TASK DATA below:

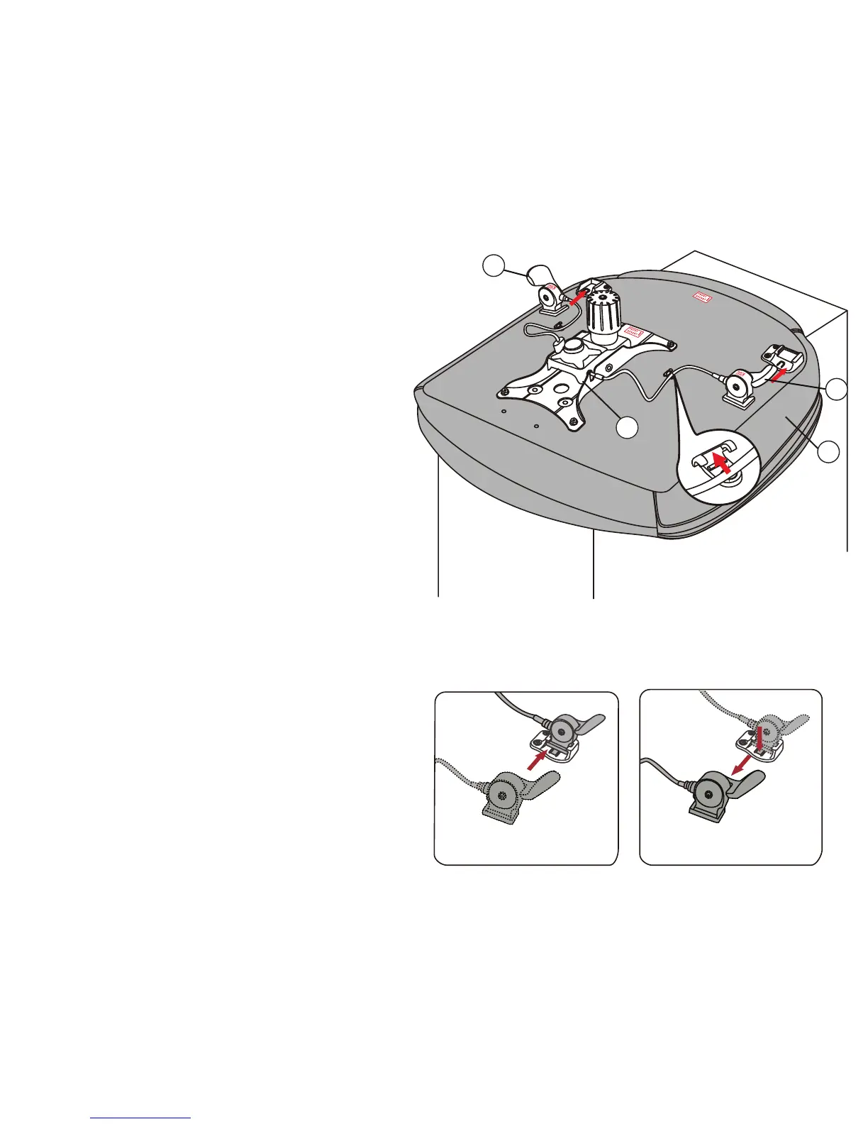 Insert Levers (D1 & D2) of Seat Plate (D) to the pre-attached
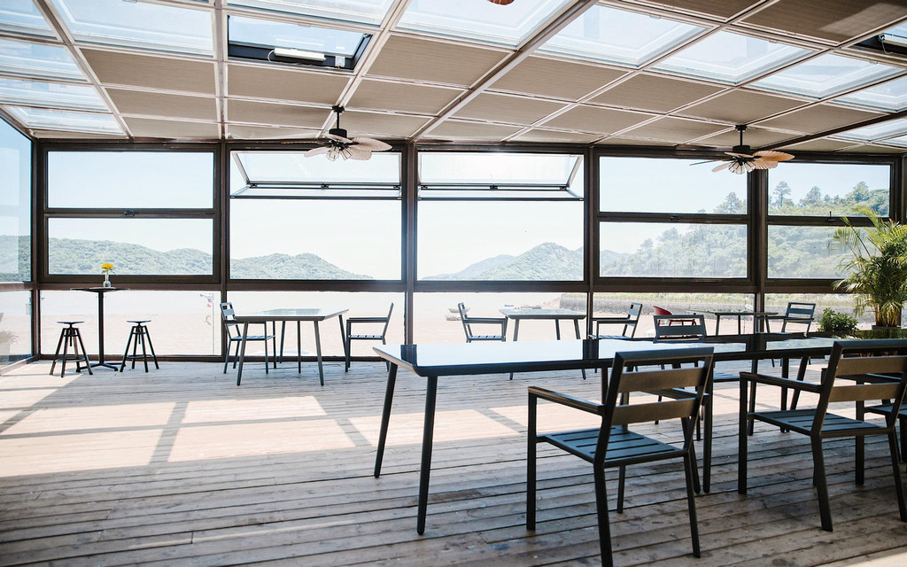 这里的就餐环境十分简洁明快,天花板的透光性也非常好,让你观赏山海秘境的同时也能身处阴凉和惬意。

End of TASK DATA.
TASK DATA below:

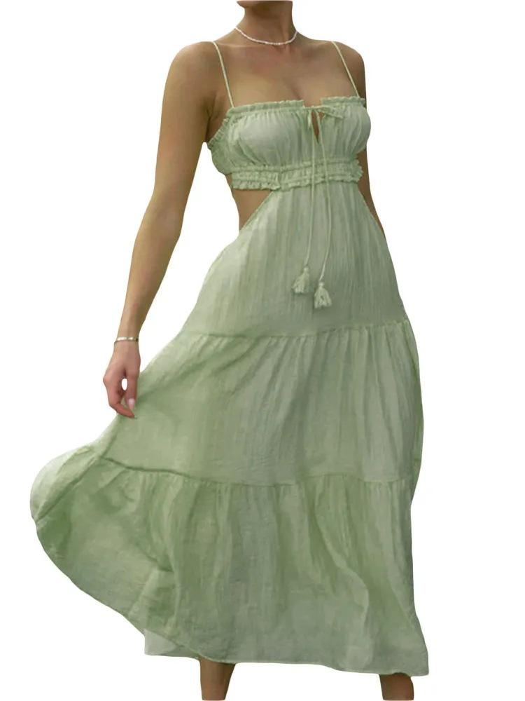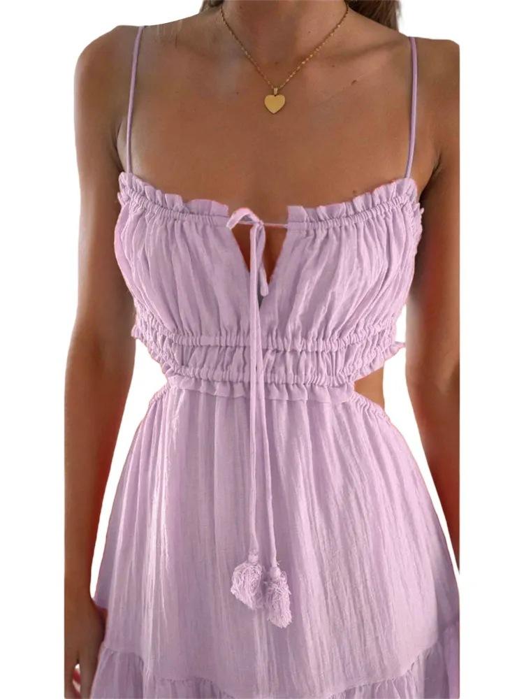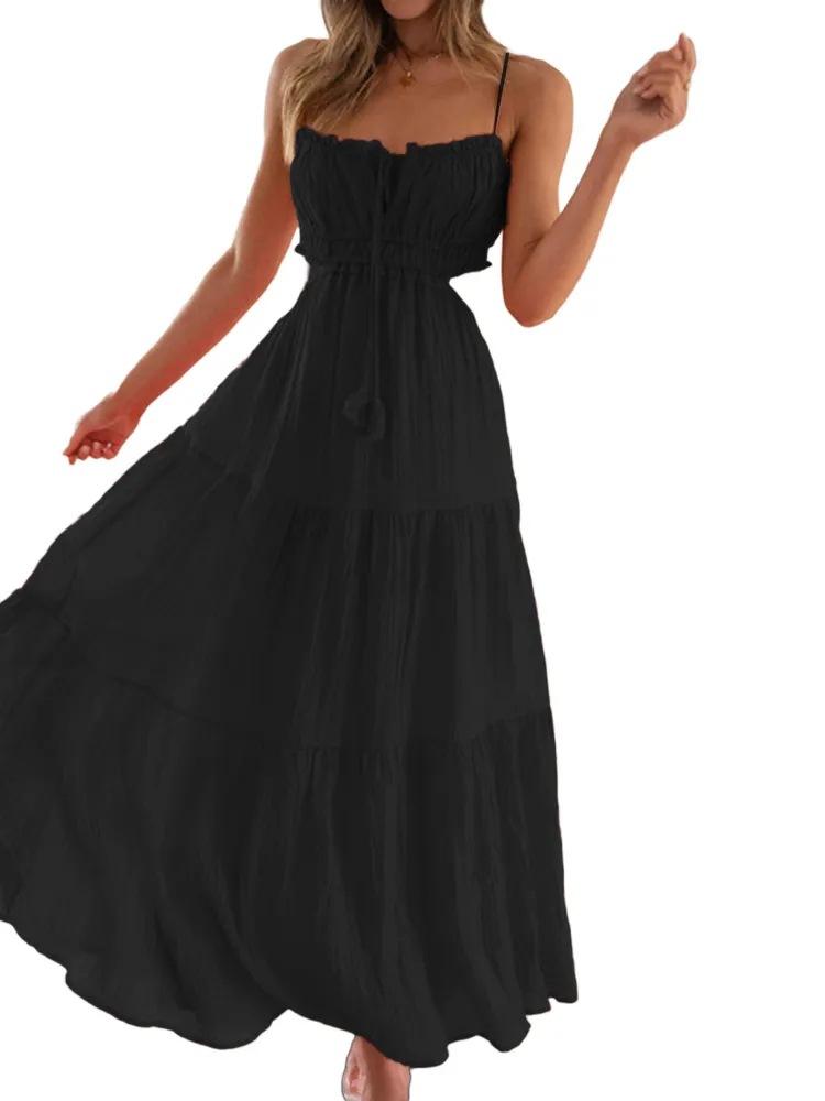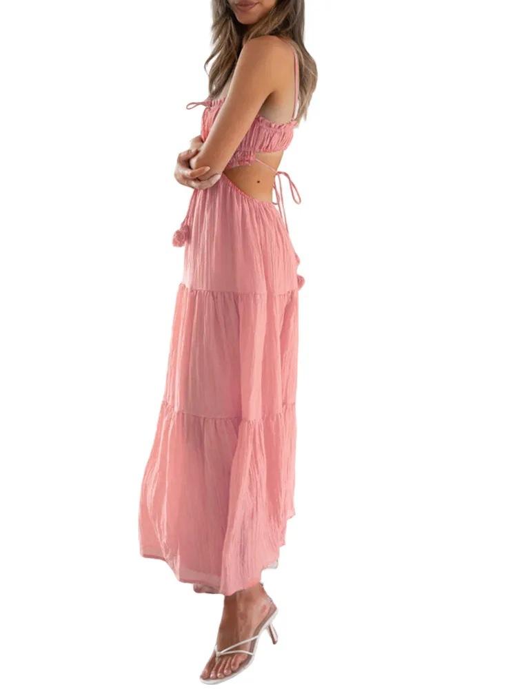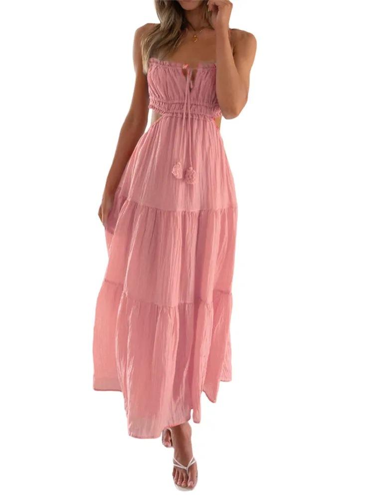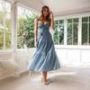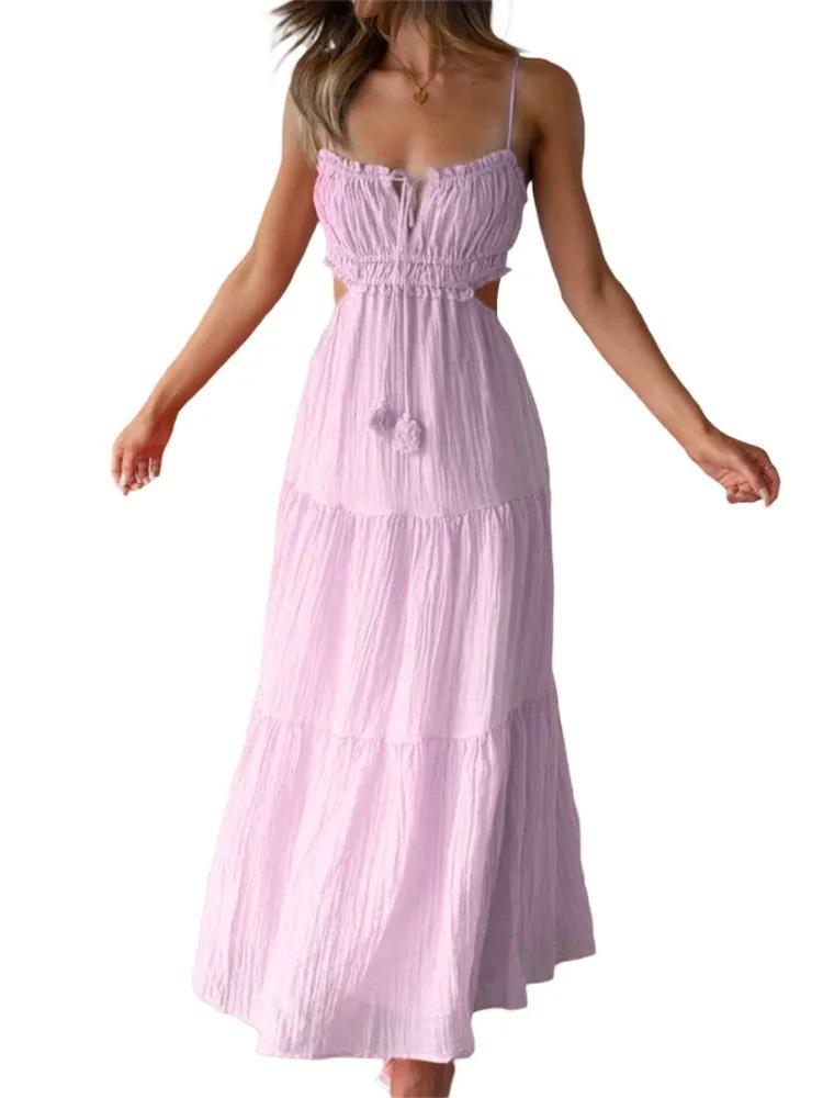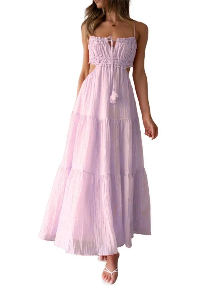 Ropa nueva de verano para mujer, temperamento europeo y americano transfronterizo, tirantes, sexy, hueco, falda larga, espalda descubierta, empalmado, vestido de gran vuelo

End of TASK DATA.

* **TASK INSTRUCTIONS**: Precisely those lines above that run from the line with "Insert Levers (D1" up to and including the line with "这里的就餐环境十分简洁明快,天花板的透光" are to be set down, with the pictures omitted.

* **SOLUTION**:
 Insert Levers (D1 & D2) of Seat Plate (D) to the pre-attached
 这里的就餐环境十分简洁明快,天花板的透光性也非常好,让你观赏山海秘境的同时也能身处阴凉和惬意。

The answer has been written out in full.